Dataset section —

* * * *

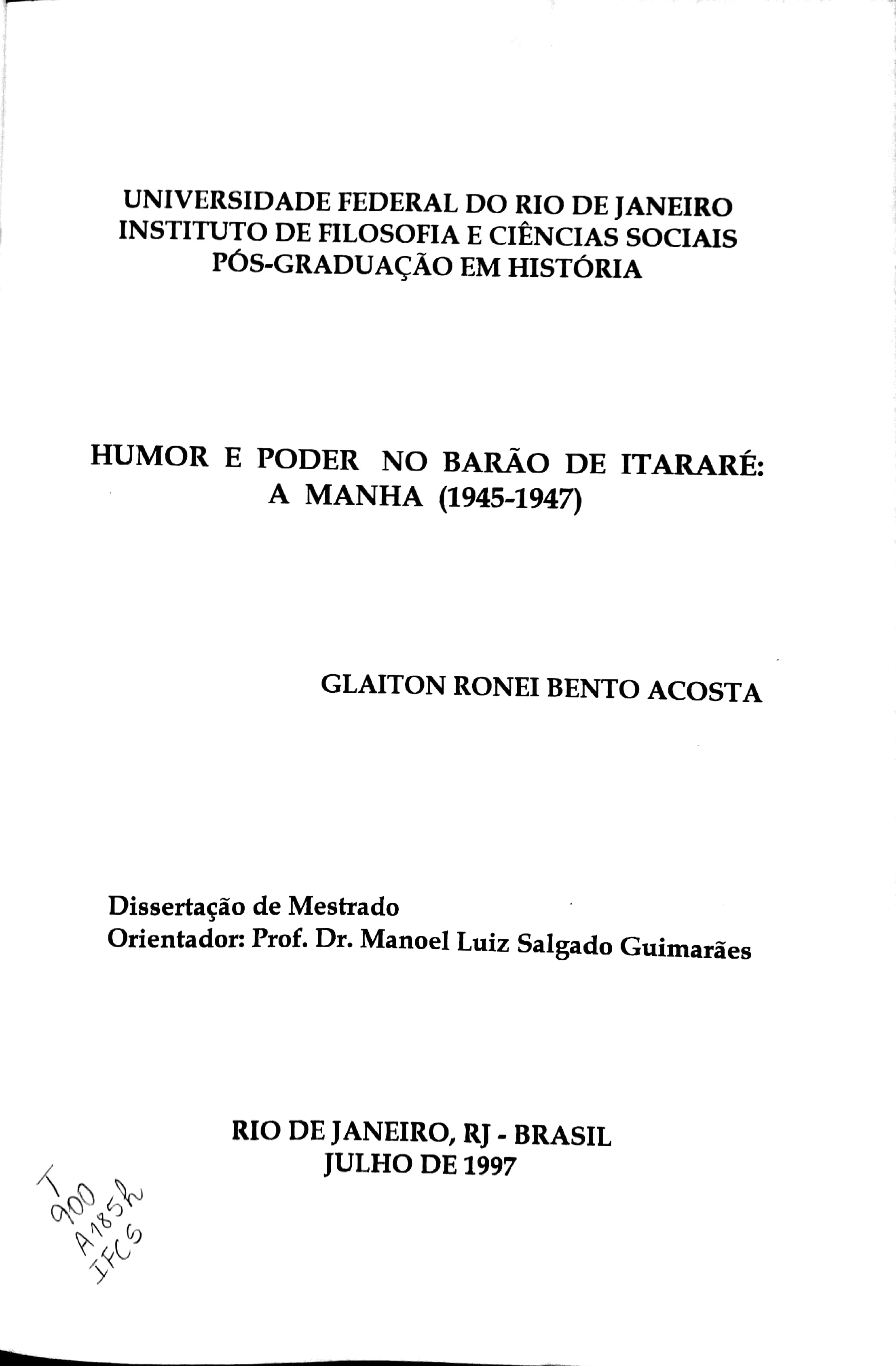 Humor e Poder no Barão de Itararé: A Manha (1945-1947)
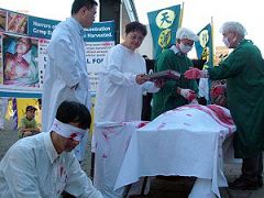 ![]() 模拟苏家屯集中营活体摘取法轮功学员器官的街头表演 | ![]() 真不敢相信这是真的! |
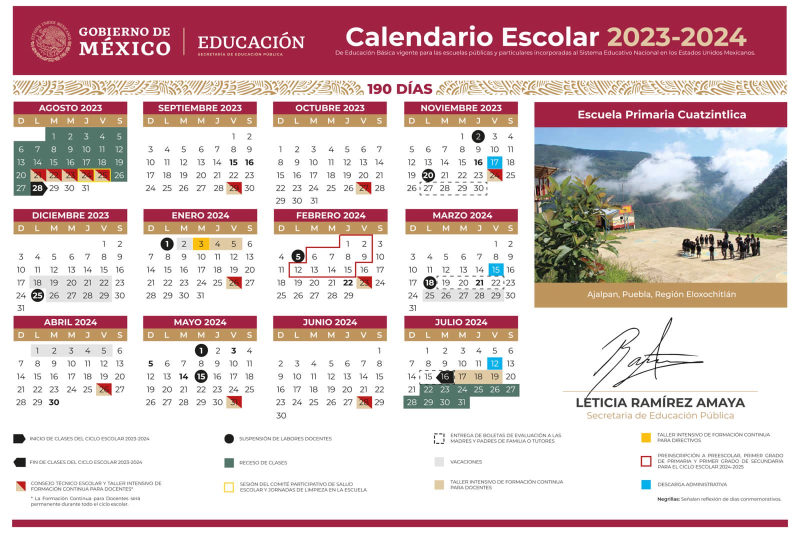 El secretario de Educación, Zenyazen Escobar García, compartió en su cuenta de Threads el Calendario Escolar 2023-2024 que difunde la Secretaría de Educación Pública, el cual considera 190 días de clases.

* * * *

How to complete this task —
Would you retype all the material above exactly, apart from its pictures?

Problem solution —
 Humor e Poder no Barão de Itararé: A Manha (1945-1947)
 ![]() 模拟苏家屯集中营活体摘取法轮功学员器官的街头表演 | ![]() 真不敢相信这是真的! |
 El secretario de Educación, Zenyazen Escobar García, compartió en su cuenta de Threads el Calendario Escolar 2023-2024 que difunde la Secretaría de Educación Pública, el cual considera 190 días de clases.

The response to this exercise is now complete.